Fosfolipaza błony zewnętrznej A1

Identyfikatory
fosfolipazy A1
1qd6 opm.png
Symbol PLA1
Pfam PF02253
InterPro IPR003187
SCOP2 1qd6 / ZAKRES / SUPFAM
Nadrodzina OPM 29
Białko OPM 1qd6
CDD cd00541
Dostępne struktury białek:
Pfam   konstrukcje / ECOD  
WPB RCSB WPB ; PDBe ; WPBj
Suma WPB podsumowanie struktury

Fosfolipaza błony zewnętrznej A1 (OMPLA) jest hydrolazą acylową o szerokiej specyficzności substratowej (EC:3.1.1.32.) z zewnętrznej błony bakteryjnej. Zaproponowano, że Ser164 jest miejscem aktywnym białka ( UniProt )

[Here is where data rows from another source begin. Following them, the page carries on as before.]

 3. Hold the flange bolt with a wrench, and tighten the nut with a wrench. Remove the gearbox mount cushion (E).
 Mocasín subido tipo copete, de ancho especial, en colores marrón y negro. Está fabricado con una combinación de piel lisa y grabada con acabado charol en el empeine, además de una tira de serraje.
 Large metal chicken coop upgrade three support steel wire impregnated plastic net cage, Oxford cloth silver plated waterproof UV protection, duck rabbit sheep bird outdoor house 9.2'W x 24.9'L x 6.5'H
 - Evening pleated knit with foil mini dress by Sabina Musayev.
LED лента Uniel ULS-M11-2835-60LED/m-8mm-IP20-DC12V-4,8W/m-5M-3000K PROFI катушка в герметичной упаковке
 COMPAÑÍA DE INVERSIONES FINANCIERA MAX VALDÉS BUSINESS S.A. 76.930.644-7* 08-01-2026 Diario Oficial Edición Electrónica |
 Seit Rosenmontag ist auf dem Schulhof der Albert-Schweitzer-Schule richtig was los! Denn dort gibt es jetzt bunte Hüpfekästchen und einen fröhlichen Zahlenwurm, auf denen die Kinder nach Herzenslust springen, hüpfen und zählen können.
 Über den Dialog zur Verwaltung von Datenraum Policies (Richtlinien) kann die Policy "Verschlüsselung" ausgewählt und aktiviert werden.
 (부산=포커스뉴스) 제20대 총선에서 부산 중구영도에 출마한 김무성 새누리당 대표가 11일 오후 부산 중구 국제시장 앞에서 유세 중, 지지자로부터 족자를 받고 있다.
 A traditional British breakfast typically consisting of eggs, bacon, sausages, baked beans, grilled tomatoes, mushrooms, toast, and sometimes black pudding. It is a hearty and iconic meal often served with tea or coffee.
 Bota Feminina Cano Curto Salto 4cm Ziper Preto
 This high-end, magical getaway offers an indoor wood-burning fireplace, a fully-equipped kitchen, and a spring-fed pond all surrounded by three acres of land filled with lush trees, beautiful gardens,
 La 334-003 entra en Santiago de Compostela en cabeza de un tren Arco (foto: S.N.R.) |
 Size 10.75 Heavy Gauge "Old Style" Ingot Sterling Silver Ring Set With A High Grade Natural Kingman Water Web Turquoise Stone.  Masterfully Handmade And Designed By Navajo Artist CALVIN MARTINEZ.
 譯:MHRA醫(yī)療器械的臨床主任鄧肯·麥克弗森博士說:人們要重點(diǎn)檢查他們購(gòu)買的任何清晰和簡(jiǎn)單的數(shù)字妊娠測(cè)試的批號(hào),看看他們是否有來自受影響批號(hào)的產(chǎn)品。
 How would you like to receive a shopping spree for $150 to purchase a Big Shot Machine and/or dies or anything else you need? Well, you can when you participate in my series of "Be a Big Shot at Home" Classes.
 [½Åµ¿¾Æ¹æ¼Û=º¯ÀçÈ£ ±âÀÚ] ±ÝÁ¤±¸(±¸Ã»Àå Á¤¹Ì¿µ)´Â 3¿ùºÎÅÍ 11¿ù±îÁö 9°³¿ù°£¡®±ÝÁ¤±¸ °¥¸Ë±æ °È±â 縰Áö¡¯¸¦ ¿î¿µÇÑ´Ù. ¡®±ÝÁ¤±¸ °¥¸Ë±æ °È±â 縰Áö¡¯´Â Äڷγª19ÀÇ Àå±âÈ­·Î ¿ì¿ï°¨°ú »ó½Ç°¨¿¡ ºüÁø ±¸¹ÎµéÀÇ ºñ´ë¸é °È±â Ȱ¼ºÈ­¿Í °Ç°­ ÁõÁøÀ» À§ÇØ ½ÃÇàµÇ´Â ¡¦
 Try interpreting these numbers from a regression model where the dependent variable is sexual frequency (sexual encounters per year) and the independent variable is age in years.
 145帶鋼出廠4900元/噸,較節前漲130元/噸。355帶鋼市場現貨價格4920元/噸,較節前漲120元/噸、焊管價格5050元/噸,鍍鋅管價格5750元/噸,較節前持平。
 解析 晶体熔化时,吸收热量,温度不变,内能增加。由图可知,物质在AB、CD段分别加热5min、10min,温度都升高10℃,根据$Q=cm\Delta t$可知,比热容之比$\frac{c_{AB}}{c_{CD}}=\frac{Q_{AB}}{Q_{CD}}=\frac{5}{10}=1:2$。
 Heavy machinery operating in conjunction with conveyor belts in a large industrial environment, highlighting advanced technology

Ta integralna fosfolipaza błonowa została znaleziona w wielu bakteriach Gram-ujemnych i ma szeroką specyficzność substratową EC 3.1.1.32 . Rola OMPLA została najdokładniej zbadana w Escherichia coli , gdzie uczestniczy w wydzielaniu bakteriocyn . Uwalnianie bakteriocyny jest wyzwalane przez białko lizujące (białko uwalniające bakteriocynę lub BRP), po którym następuje zależna od fosfolipazy akumulacja lizofosfolipidów i wolnych kwasów tłuszczowych w błonie zewnętrznej. Produkty reakcji zwiększają przepuszczalność błony zewnętrznej, co umożliwia półspecyficzne wydzielanie bakteriocyn. Jedna spekulacyjna funkcja OMPLA jest związana z tolerancją na rozpuszczalniki organiczne u bakterii.

Strukturalnie składa się z 12-niciowej antyrównoległej beczki beta z wypukłą i płaską stroną. Reszty miejsca aktywnego są odsłonięte na zewnątrz płaskiej powierzchni beczki beta. Aktywność enzymu jest regulowana przez odwracalną dimeryzację. Interakcje dimerów zachodzą wyłącznie w osadzonych w błonie częściach płaskiej strony beczki beta, z polarnymi resztami osadzonymi w niepolarnym środowisku, tworząc kluczowe interakcje. Reszty miejsca aktywnego His i Ser znajdują się na zewnątrz beczki beta, po zewnętrznej stronie błony. To położenie wskazuje, że w normalnych warunkach substrat i miejsce aktywne są fizycznie oddzielone, ponieważ w E. coli są zlokalizowane wyłącznie w wewnętrznej ulotce błony zewnętrznej.